Data for this exercise:
+++

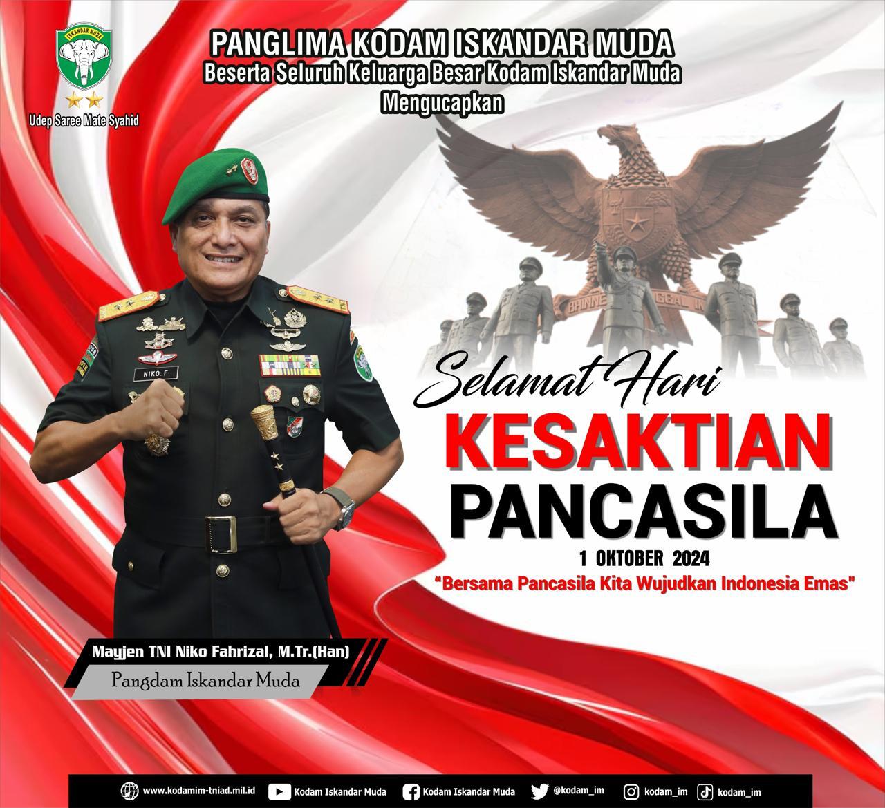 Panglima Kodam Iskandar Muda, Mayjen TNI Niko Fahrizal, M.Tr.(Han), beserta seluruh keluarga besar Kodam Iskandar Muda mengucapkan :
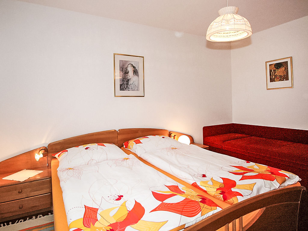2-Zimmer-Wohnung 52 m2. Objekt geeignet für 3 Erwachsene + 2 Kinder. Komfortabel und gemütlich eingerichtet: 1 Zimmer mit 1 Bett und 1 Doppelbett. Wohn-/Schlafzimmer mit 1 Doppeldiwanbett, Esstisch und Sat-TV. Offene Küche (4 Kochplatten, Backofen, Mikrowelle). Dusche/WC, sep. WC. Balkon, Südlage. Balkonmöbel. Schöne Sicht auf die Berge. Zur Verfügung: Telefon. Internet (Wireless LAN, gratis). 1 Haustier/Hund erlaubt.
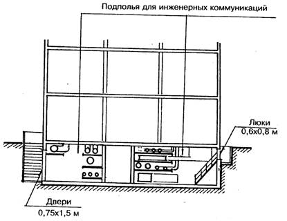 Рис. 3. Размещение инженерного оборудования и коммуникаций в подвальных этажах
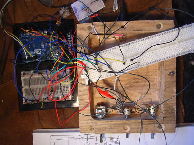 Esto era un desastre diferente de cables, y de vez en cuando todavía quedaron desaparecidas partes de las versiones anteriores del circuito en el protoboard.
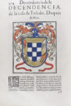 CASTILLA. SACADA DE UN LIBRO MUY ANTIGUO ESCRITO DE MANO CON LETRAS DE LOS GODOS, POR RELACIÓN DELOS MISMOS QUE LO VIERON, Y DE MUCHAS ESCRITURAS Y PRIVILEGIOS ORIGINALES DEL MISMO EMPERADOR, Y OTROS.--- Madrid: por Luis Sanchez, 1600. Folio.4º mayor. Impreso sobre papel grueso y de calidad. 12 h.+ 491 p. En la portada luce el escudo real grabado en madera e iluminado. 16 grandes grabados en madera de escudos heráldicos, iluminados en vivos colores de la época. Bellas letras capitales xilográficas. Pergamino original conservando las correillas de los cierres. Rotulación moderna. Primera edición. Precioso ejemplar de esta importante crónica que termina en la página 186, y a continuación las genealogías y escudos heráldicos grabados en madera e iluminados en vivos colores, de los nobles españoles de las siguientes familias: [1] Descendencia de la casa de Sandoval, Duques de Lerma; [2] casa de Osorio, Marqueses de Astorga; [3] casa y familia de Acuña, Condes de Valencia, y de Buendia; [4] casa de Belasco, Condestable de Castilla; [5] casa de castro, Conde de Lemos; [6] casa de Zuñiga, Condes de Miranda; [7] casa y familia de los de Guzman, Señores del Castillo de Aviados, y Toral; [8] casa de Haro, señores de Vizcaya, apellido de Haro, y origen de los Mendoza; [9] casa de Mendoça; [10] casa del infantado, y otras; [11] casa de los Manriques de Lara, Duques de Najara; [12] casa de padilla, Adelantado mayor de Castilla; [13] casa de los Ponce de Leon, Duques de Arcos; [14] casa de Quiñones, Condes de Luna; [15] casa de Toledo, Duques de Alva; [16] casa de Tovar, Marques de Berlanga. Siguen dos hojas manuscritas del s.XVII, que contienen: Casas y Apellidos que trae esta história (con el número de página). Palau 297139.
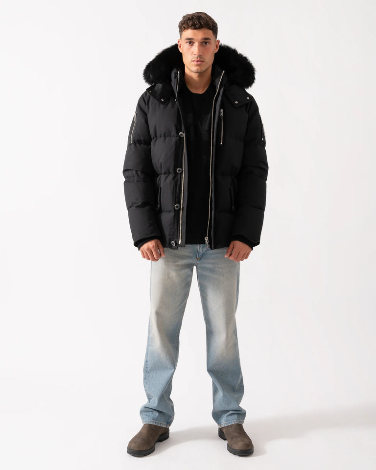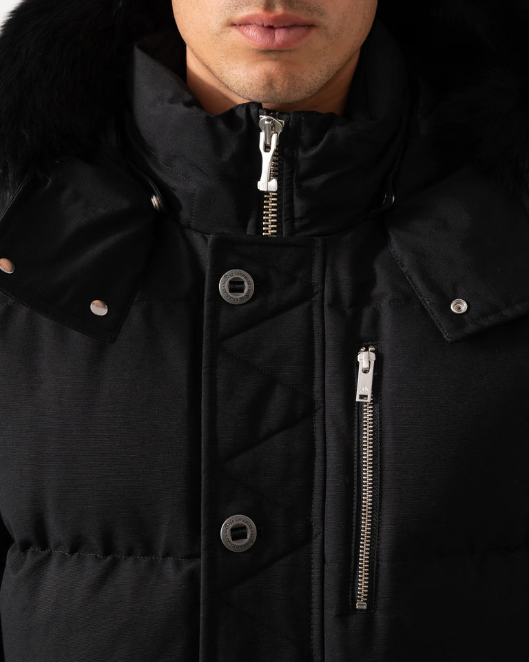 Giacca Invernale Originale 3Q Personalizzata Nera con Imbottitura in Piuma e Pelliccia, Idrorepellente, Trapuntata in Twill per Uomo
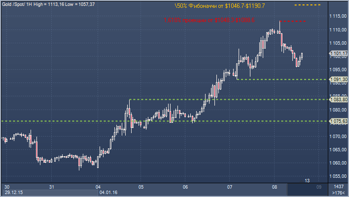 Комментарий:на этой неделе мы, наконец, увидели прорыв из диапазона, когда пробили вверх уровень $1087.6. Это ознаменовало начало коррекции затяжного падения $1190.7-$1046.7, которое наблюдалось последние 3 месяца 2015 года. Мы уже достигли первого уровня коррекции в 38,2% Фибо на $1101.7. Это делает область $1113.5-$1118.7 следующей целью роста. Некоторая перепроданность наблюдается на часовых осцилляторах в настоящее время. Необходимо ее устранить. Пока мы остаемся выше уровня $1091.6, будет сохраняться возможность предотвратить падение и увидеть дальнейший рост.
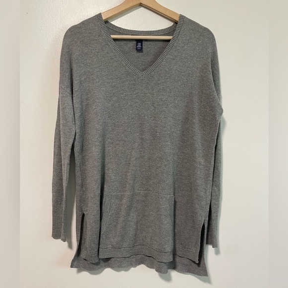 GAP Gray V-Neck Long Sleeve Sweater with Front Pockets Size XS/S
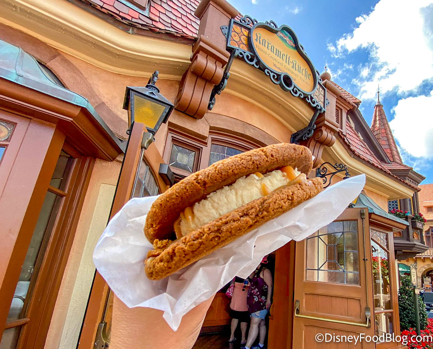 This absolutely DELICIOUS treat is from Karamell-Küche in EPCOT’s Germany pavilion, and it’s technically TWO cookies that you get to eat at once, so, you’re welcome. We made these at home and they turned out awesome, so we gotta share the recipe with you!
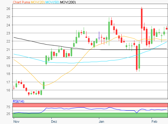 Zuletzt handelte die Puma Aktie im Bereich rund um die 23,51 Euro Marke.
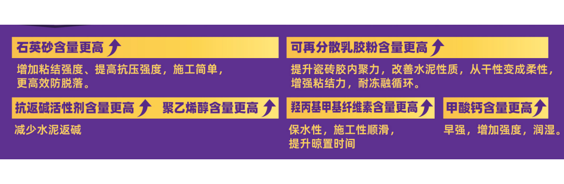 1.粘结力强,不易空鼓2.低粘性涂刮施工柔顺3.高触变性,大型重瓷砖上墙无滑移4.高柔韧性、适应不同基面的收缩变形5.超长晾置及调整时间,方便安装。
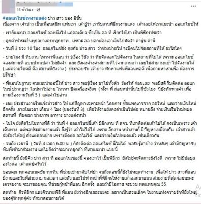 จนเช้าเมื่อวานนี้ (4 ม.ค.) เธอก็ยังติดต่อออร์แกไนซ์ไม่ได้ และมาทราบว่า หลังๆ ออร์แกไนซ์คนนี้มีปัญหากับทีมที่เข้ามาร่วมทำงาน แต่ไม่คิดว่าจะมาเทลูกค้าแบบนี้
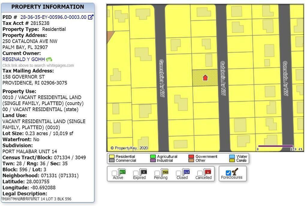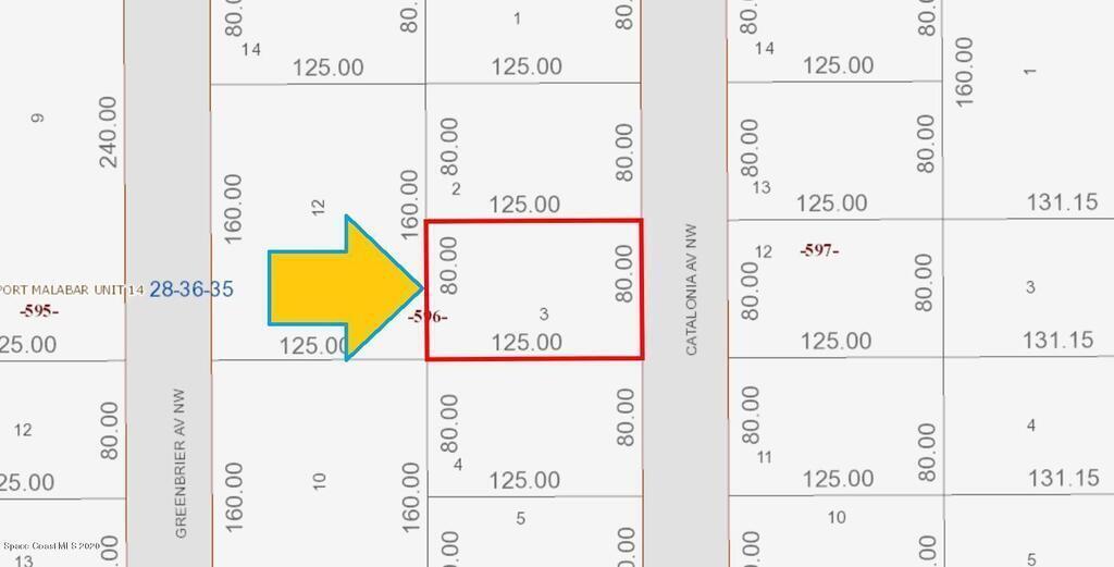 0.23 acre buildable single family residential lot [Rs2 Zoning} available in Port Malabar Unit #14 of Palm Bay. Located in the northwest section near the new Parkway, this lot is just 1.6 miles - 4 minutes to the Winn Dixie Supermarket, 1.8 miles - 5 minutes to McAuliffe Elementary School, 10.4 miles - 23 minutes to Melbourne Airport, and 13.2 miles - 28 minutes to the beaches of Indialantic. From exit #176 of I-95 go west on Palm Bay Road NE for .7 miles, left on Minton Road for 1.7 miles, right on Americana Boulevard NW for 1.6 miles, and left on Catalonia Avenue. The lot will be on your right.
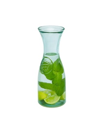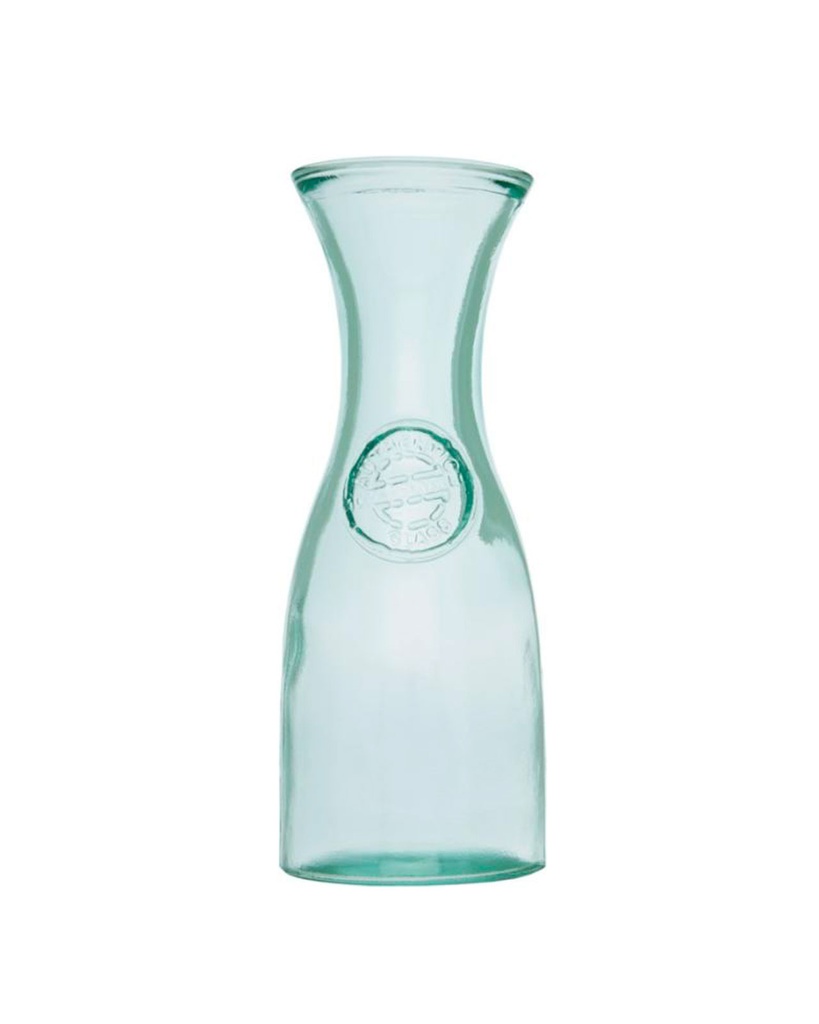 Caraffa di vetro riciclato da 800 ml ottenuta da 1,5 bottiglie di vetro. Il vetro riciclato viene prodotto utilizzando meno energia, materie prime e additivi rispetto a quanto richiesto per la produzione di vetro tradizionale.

+++

Copy nothing but the lines above from the one with "2-Zimmer-Wohnung 52 m2." to the one with "Esto era un", inclusive, word for word. Leave every picture out.

Response area:
2-Zimmer-Wohnung 52 m2. Objekt geeignet für 3 Erwachsene + 2 Kinder. Komfortabel und gemütlich eingerichtet: 1 Zimmer mit 1 Bett und 1 Doppelbett. Wohn-/Schlafzimmer mit 1 Doppeldiwanbett, Esstisch und Sat-TV. Offene Küche (4 Kochplatten, Backofen, Mikrowelle). Dusche/WC, sep. WC. Balkon, Südlage. Balkonmöbel. Schöne Sicht auf die Berge. Zur Verfügung: Telefon. Internet (Wireless LAN, gratis). 1 Haustier/Hund erlaubt.
 Рис. 3. Размещение инженерного оборудования и коммуникаций в подвальных этажах
 Esto era un desastre diferente de cables, y de vez en cuando todavía quedaron desaparecidas partes de las versiones anteriores del circuito en el protoboard.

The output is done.